Although very powerful personalities later arose behind me, in our youth no one ever challenged my desire to be the first to attain any significant objective.

But with the ascension of the dreadfully green Swish (What Am I Doing Here?) Obama and his entourage of bully boys to  the White House, all Americans have instantly have inherited a big brother.

Though he spent two years on the campaign trail gracefully portraying himself as being as pliable and soft as a petunia petal, he is gradually emerging as a shadowy thug.

He is domineering, fundamentally dishonest, vengeful, arrogant, a master of studied imprecision, devious to a fault, routinely belligerent, a race baiter, mean-with-out-borders, overwhelmed, and, at his roots, a self-adoring victocrat.

He scrupulously calculates and logs every breath he draws, every public answer he gives. Not even a cough or sneeze is unscripted.

But Mr. Obama is our President. So what do we do?

Whom Would You Choose?

Until now, Richard Nixon has been regarded as our most narcissistic President, although Mr. Clinton would be my choice. But since Mr. Clinton was decidedly more congenial, he not only is seen as less onerous than Mr. Nixon but a downright nice guy.

The rudimentary reason, of course, is that he is a liberal from the Democrat Party. Mr. Nixon, in the absence of superior judgment, was not.

When the self-consumed Watergate figure John Dean spoke to the Culver City Democratic Club this week, I stopped counting after he had effortlessly used the pronoun “I” 200 times in the opening minutes.

I used to think Mayor I Love Me of Los Angeles was insufferably egotistical.

Swish Obama is the champ. He drowns ‘em out.

He makes all four of these  rummies look like sin-ridden introspective monks, who pray all of the time they are not sleeping.

Herein may lie the most dangerous  component of  Mr. Obama’s fairly transparent personality, his massively massaged ego.

In a circle where you have such runt ranters as Waxman, Reid and Krugman, may I be pardoned for deliberately choosing an apt verb —  that Mr. Obama’s unquenchable self-consumption, ahem, dwarfs the most famous egos in Washington history.

He goes the fairy tale one better. He doesn’t have to say, “Mirror, mirror on the wall…” He merely says  “mirror” one time and he is surrounded by floor-to-ceiling mirrors for preening purposes.

A Leader?

Never having led any group even as small as his family — Mad Michelle unmistakably rules with an iron frown — it is reasonable, unsurprising and disappointing that, as President, he resembles a schlemiel standing at the foot of a chute, catatonically, waiting for 25 gallons of dirty bath water to wash over him.

Last January, he took over a staggering country reeling in shock, engulfed by a half-dozen crises, any of which looked serious enough to end our free way of life.

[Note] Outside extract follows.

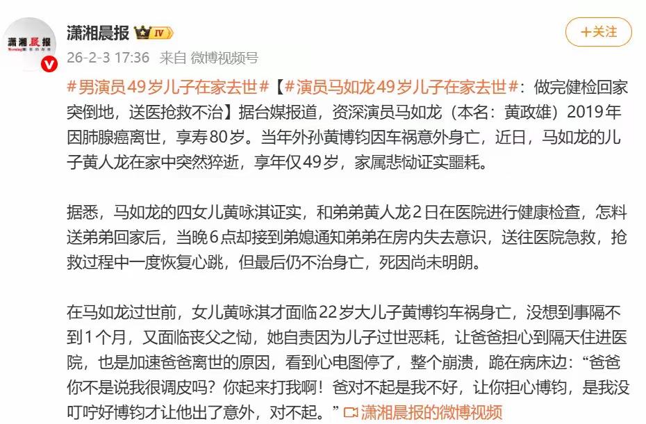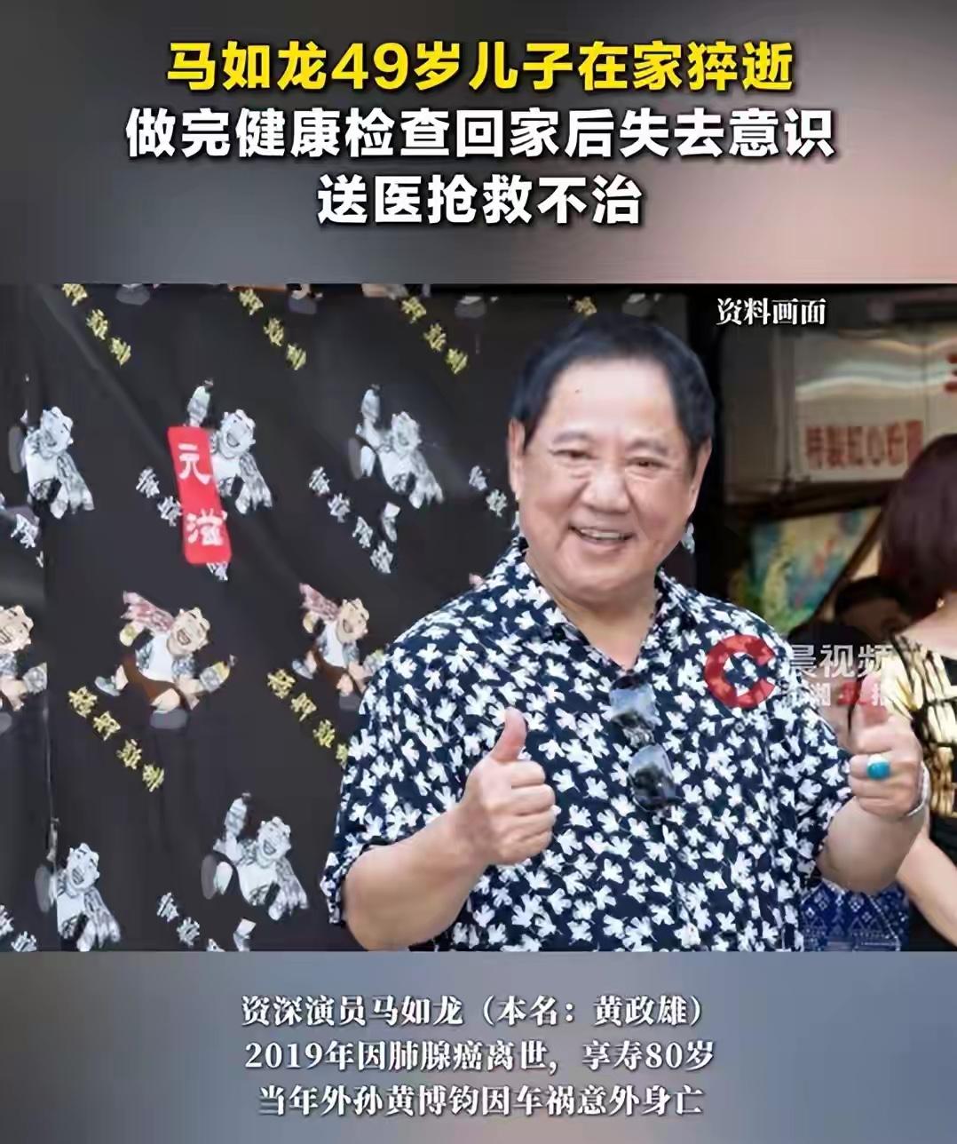太離奇了!2月3日,演員馬如龍的兒子黃人龍被曝在家中去世。

Instead of addressing those six, Mr. Obama couldn’t resist  the first chance in his life to play Popeye.

He introduced to America his own set of six end-of-times crises. They were sui generis emergencies. He, alone, among the 300 million of  Americans was brilliantly equipped to play Superman and solve each one by imposing his will on us peasants. As recently as last month, he told us  peasants  that if  we did not pass healthcare reform before Aug. 1, it would be a mammoth tragedy. Life appears to be continuing in spite of daily Obama press conferences.

Rolling up the sleeves of his white shirt as if he were a small-time, side-of-the-mouth carnival barker, he  says in a loud but squeaky voice, “Tell ya whut I’m gonna do.”

We, dear reader, are presently being done.